# Advice Needed



## Hendo-20 (Oct 7, 2011)

Hi i have purchased styro foam today to make a fake rock wall for my tank, just want to know whats the best grout, paint and sealer to use and best place to get them from Thanks


----------



## Em1986 (Oct 7, 2011)

For a start this needs to be moved to the DIY section as the herp help section is for threads relating to reptile emergencies and help.

Secondly, Bunning's is your best friend 
I made some hides from expanding foam, the one for my beardies i grouted using some pre-mixed and coloured grout in a tube (probably more expensive than mixing yourself but this was on special for $5 a tube at the time so saved me heaps), i used acrylic craft paints on the one for my snake, and sealed them with clear pondtite.
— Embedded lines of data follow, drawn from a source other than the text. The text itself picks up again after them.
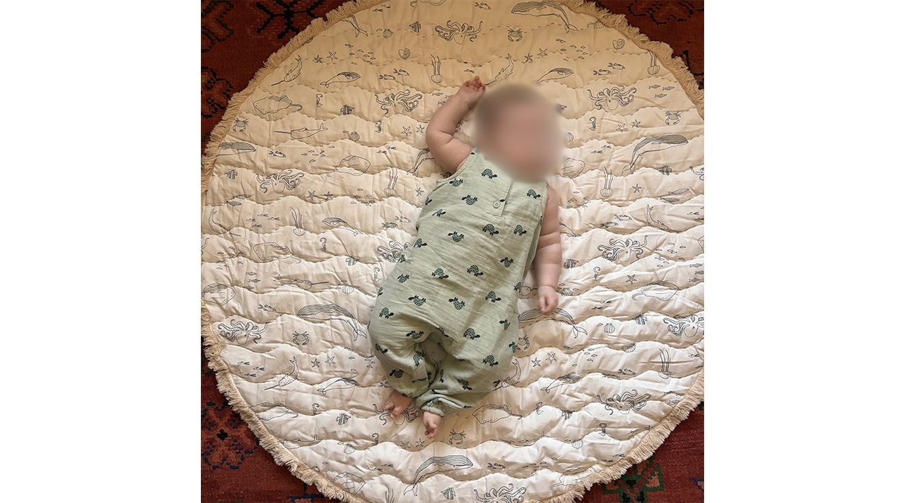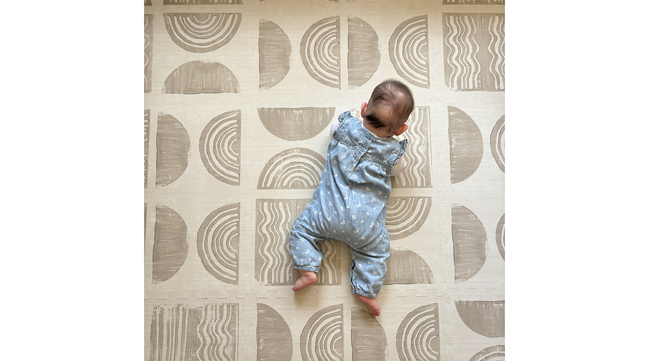 These mats aren’t just a delight to look at, though, the buoyant half-inch-thick mat is a dream to walk and lounge on. The non-toxic PVC memory foam feels high-density and substantial underfoot while offering enough give to cushion falls—and alleviate my joint pain from a years-old ACL surgery. In fact, I’ve gone from being unable to kneel on the floor with my daughter to crawling around on all fours since welcoming this mat into my home. While my 3-month-old daughter can’t exactly tell me that she thinks the mat is nice and cozy, she has flopped around on it and even had an accidental head bonk or two without any tears. Now that she’s starting to roll, I like to put this mat under our play gym to extend her play area and pad any unexpected movements.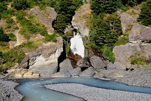 Wir entscheiden uns, mit dem Südteil des Parks anzufangen … auf der Schotterpiste Y200 geht es durch wunderschöne Landschaft. Immer wieder gibt es Haltepunkte mit fantastischen Ausblicken auf türkisblaue Fjorde und die Sierra del Torro. Da es schon spät ist, verbringen wir die erste Nacht noch außerhalb des Parks … versteckt auf einem Wald- und Wiesengrundstück mit Blick auf einen Wasserfall.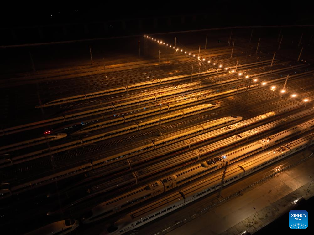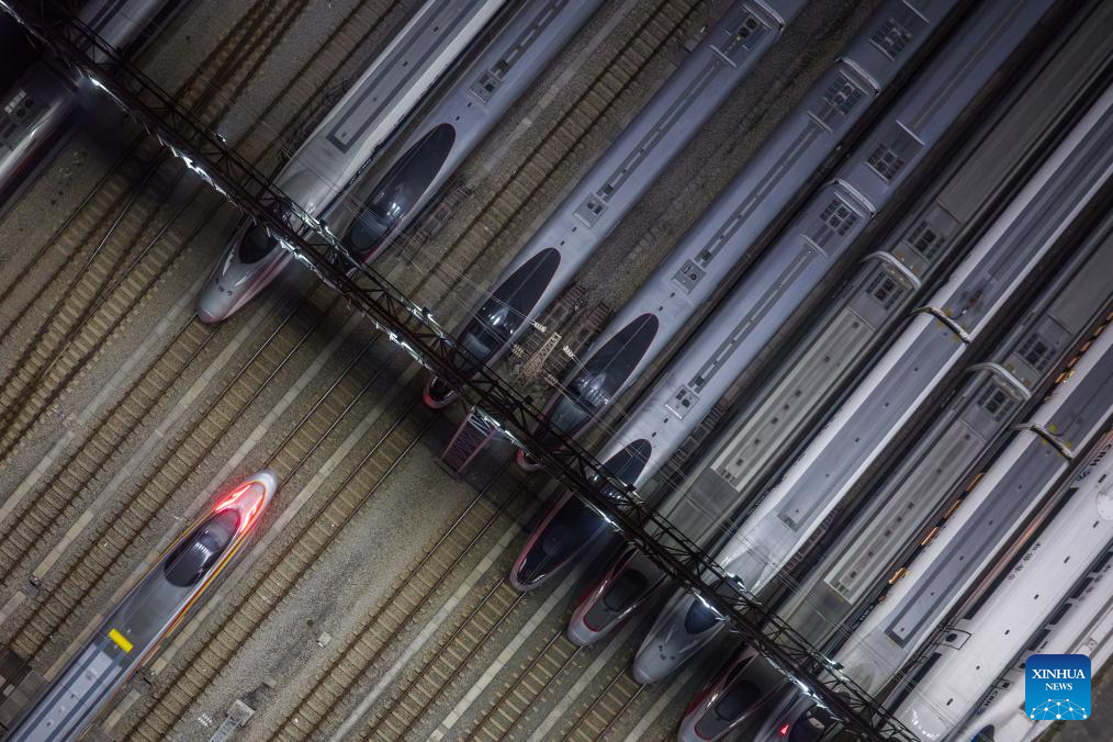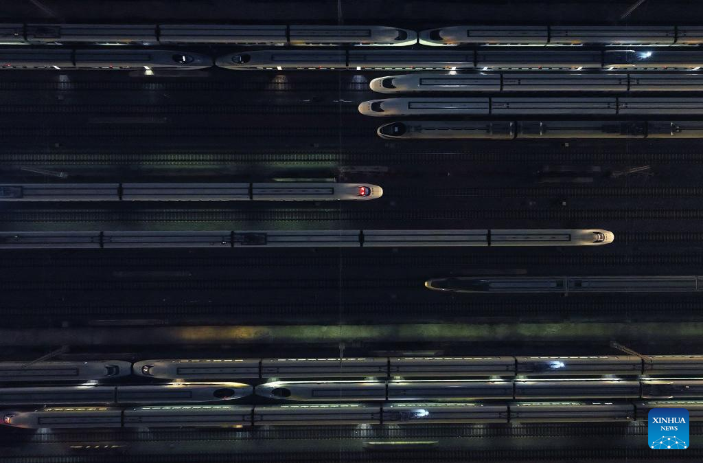 This photo taken on Jan. 26, 2024 shows bullet trains at a maintenance base in Guangzhou, south China's Guangdong Province. (Xinhua/Deng Hua)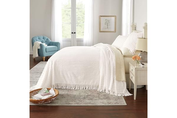 SUPERIOR 100% Cotton Fleur De Lis Matelasse Twin Bedspread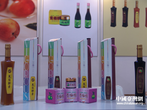 “凤梨酵素、青梅精、纳豆梅精”,台湾特色农产品深加工品出现在了展台上,准备向大陆消费者展示其浓郁的台湾特色。(摄影:魏萌)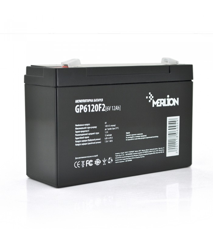 Акумуляторна батарея MERLION AGM GP6120F2 – правильна батарея для пристроїв з невеликим споживанням енергії. Міцний корпус, довгий термін служби, широкий спектр застосування - це акбі MERLION!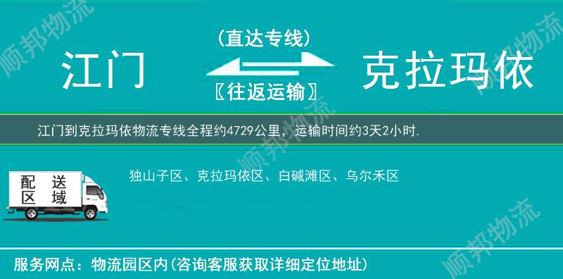 江门到克拉玛依物流专线全程约4729公里,专线运输耗时约3天2小时。 *江门到克拉玛依物流公司,专业江门到克拉玛依物流专线运输(上门取货 送货到门)从 江门发货运去克拉玛依、 江门发物流到克拉玛依,一站式 江门到克拉玛依专线直达物流。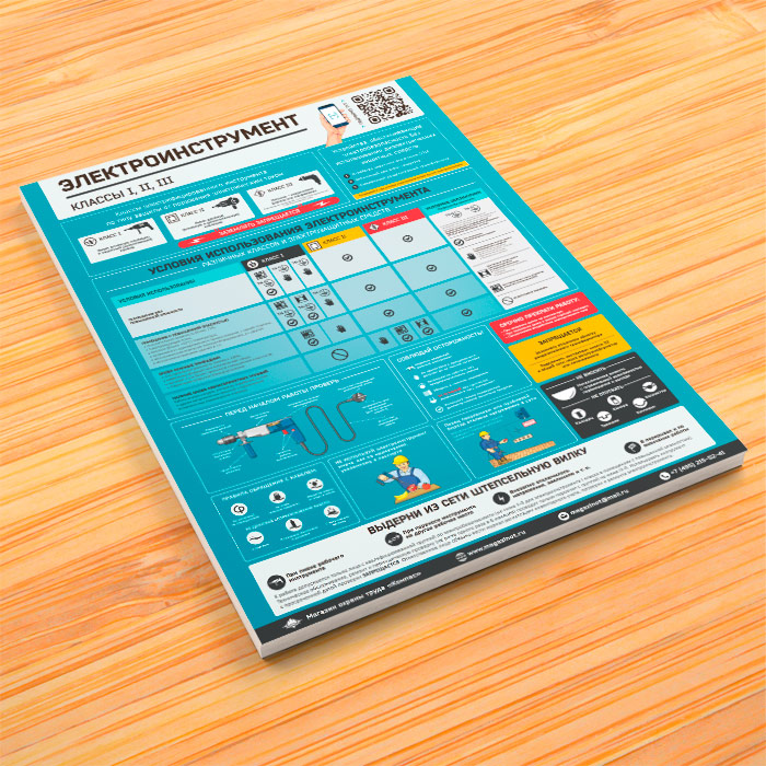 Плакат «Электроинструмент – электробезопасность» содержит такие важные темы как классы электрифицированного инструмента по типу защиты от поражения электрическим током, условия использования электроинструмента различных классов и электрозащитных средств, правила техники безопасности с электроинструментом

You need to add some PVA woodglue mixed with the grout and water it down to the consistency of paint, my first coat i used it straight and it was very hard to work with due to how thick it was before being told to water it down and use some PVA in it.


----------



## Raddy318 (Oct 7, 2011)

Em1986 said:


> For a start this needs to be moved to the DIY section as the herp help section is for threads relating to reptile emergencies and help.
> 
> Secondly, Bunning's is your best friend
> I made some hides from expanding foam, the one for my beardies i grouted using some pre-mixed and coloured grout in a tube (probably more expensive than mixing yourself but this was on special for $5 a tube at the time so saved me heaps), i used acrylic craft paints on the one for my snake, and sealed them with clear pondtite. You need to add some PVA woodglue mixed with the grout and water it down to the consistency of paint, my first coat i used it straight and it was very hard to work with due to how thick it was before being told to water it down and use some PVA in it.



not being rude or anything, but i have seen many things on herp help that have nothing to do with threads related to reptiles emergencies and help.


----------



## Em1986 (Oct 7, 2011)

raddy318 said:


> not being rude or anything, but i have seen many things on herp help that have nothing to do with threads related to reptiles emergencies and help.
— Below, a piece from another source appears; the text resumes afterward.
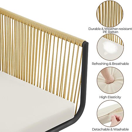 - Comfortable Seating: Cushions and pillows in this bistro set filled with soft foam provide optimal comfort. The removable, washable covers make cleaning a breeze, while polyester ensures long-lasting durability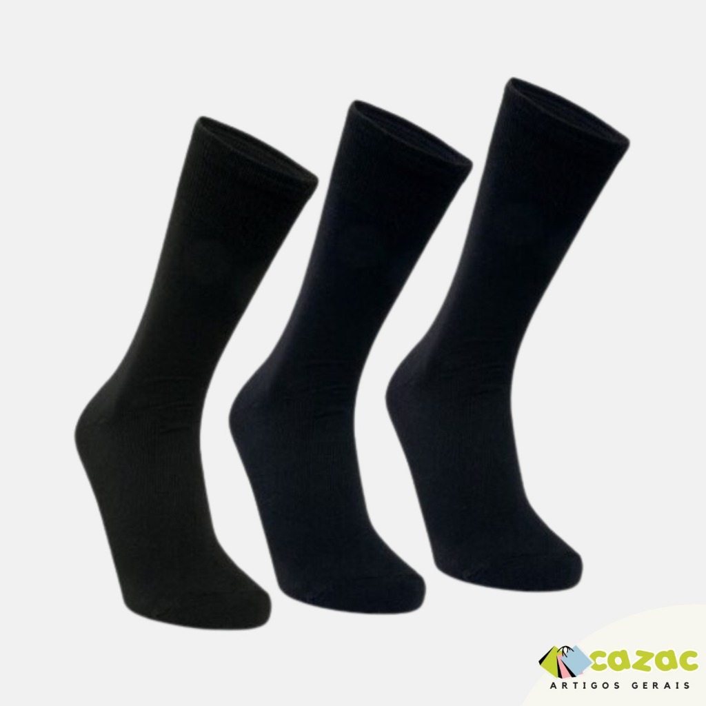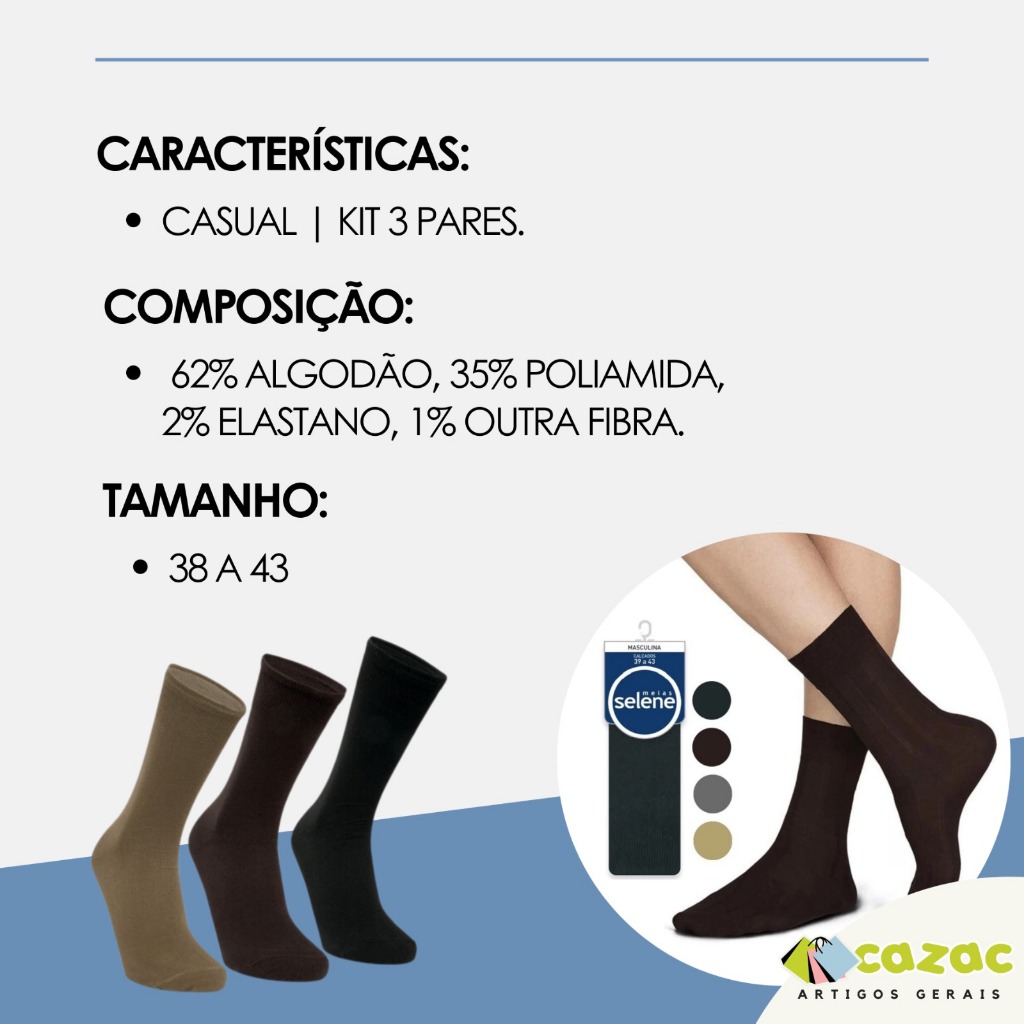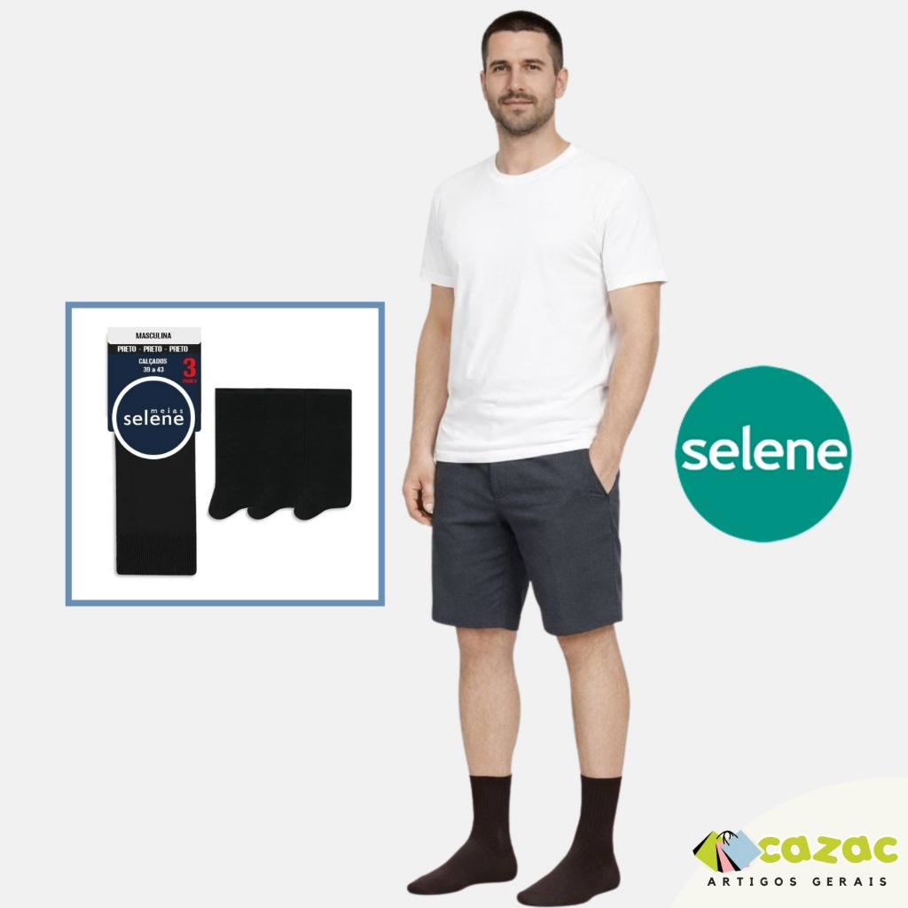Kit 3 Pares Meia Selene Cano Longo Masculina Lisas Algodão Original Premium 39 ao 43

Well then people need to read what herp help is for before posting in it 
It was more for the admins to move the thread before the poster ends up being flamed by other members!


----------



## Raddy318 (Oct 7, 2011)

well now you put it that way thats true.


----------



## Em1986 (Oct 7, 2011)

Thanks, i wasn't being mean towards the poster but i know some other members enjoy flaming newbies for sometimes no apparent reason and can be very harsh towards people that don't read or understand the rules etc.
Also the poster will get many more replies in the DIY section and can also join the DIY group to get further ideas and help.


----------



## J-A-X (Oct 7, 2011)

Ive asked the mods to move it to the diy section, just so you dont get flamed, 

and here's the link to the DIY group - which is seperate from the DIY zone on the forums

http://www.aussiepythons.com/forum/...rounds-furniture-225/cement-grout-render-432/


----------



## Sarah11 (Oct 16, 2011)

to answer your question hendro the best grout, paint and sealer really depends on what your putting in there and what your preference is. Most people however will choose to use the normal white tile grout you can get at bunnings and then add some acrylic paint making each layer darker. I choose to work with mortar because i like the texture but it is really hard to work with. Pondtite is generally agreed to be the best sealer. Remember if its for lizards you will need LOTS of layers of grout and plenty of layers of pondtite for anything

oh and dont forget to start the grout very thin to get in all the cracks and then build up to thicker layers. Also you will need to add pva glue to the grout to help it stick to the foam and each of the previous layers


----------



## mad_at_arms (Oct 16, 2011)

Plently of good threads already dedicated to this. 
"Best" will be defined by the inhabitant and funds available.


----------



## kr0nick (Oct 16, 2011)

Hey hendo_20 I have recently made a rock wall for my ackie tank, I just coloured grout starting off with thin layers and slowly built up thickness, I also added pva in the last few coats to add strength . For sealing i used Tile and Grout sealer from bunnings it is a liquid and comes in 1-2 litre buckets i can't remember off the top of my head but i found it seals perfectly water just runs off of it and it doesn't have the glossy look that pondtite does.


----------



## Hendo-20 (Oct 17, 2011)

Thanks for all the help will post pic when its all finished


----------